The machines may be operated by individuals and trained health
professionals. From time to time, the machine may experience a
condition that requires correction. For example, a breathing
conduit could become detached or a breathing conduit could become
at least partially blocked. In most instances, such conditions
would be indicated by a numerical fault code. Such numerical fault
codes would require the user or operator to consult a look-up table
or call a technician. Often, this technique of correcting an easily
corrected problem can be more time consuming than desired.
SUMMARY
Accordingly, a breathing apparatus comprises a flow generator, a
humidifier chamber connected to the flow generator, a conduit
connected to the humidifier generator, and a user breathing
interface connected to the conduit. The apparatus also comprises a
display screen adapted to provide visual information to a user. The
apparatus monitors one or more characteristic of use and, upon a
triggering event occurring, the apparatus provides a series of
image frames such as, for example, graphics, recorded images,
visual descriptions, visual directions, still images, and/or videos
to the display. The series of image frames depict one or more still
graphics and/or animated actions such that the user can make an
adjustment to the apparatus based upon the image frames to address
the occurrence of the triggering event.
In a first aspect, a breathing assistance apparatus is provided
that includes a flow generator, a humidifier chamber connected to
the flow generator, a conduit connected to the flow generator, a
user breathing interface connected to the conduit, and a display
screen adapted to provide visual information to a user. The
apparatus can advantageously be configured to monitor one or more
characteristics of use; and, upon an occurrence of a triggering
event, to provide a series of image frames to the display. The
series of image frames can depict an animated action that is
configured to instruct a user to make an adjustment to the
apparatus based upon the animated action to address the occurrence
of the triggering event.
In some embodiments, the apparatus includes a button and depression
of the button stops the display of the series of image frames. In
some embodiments, the animated action includes a sequence that
repeats until the triggering event is corrected.

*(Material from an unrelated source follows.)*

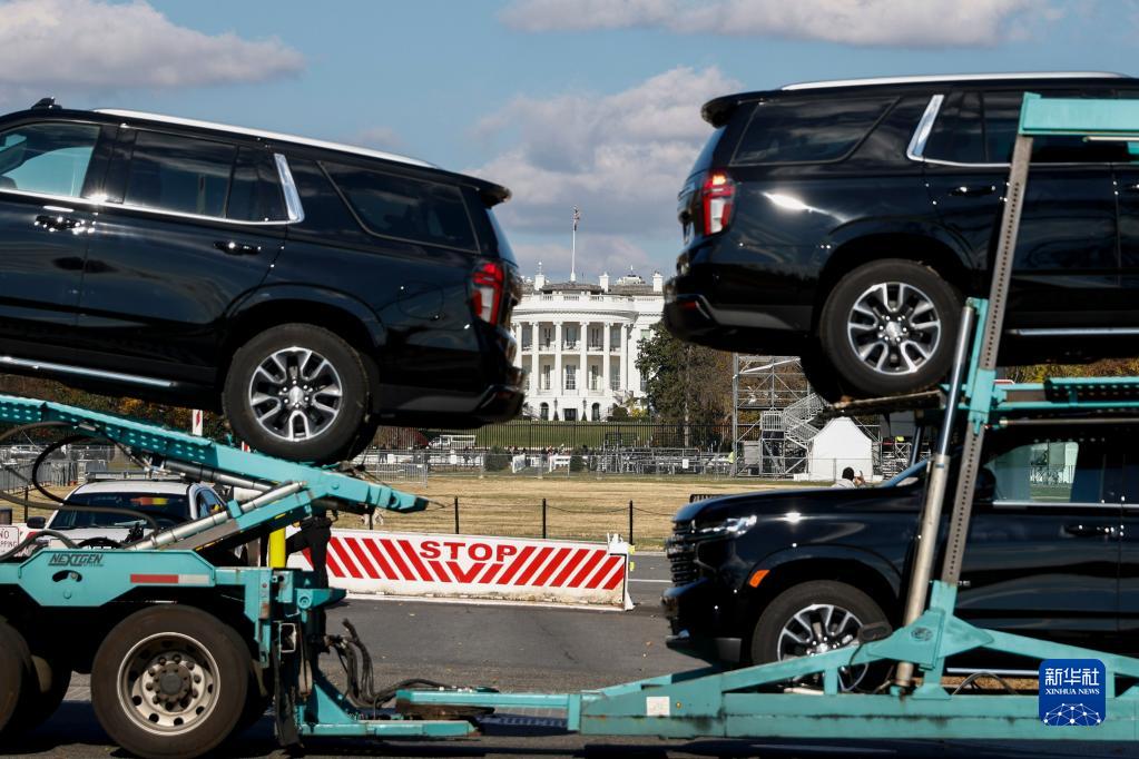 11月23日,在美国首都华盛顿,一辆货车从白宫附近驶过。美国白宫当日宣布,美国能源部将从战略石油储备中释放5000万桶原油,以缓解经济从新冠疫情中复苏时出现的石油供需不匹配问题并降低油价。新华社发(沈霆摄)

In some embodiments, the triggering event comprises usage exceeding
an upper limit of time. In a further embodiment, the animated
action includes steps for replacing a filter.
In some embodiments, the triggering event comprises detection of at
least one of a faulty heater wire, a faulty conduit temperature
sensor, or a disconnected conduit. The animated action includes
steps for replacing a breathing conduit.
In some embodiments, the triggering event comprises a reduction in
resistance to flow. The animated action includes steps for
reseating a chamber, reconnecting a conduit, or reconnecting an
interface to the conduit.
In some embodiments, the triggering event comprises an increase in
resistance to flow. The animated action includes steps for
unbending a conduit, unclogging an interface, or checking that the
correct interface is connected to the conduit.
In some embodiments, triggering event comprises detecting an oxygen
level outside of a desired oxygen level. The animated action
includes steps for adjusting the oxygen supply.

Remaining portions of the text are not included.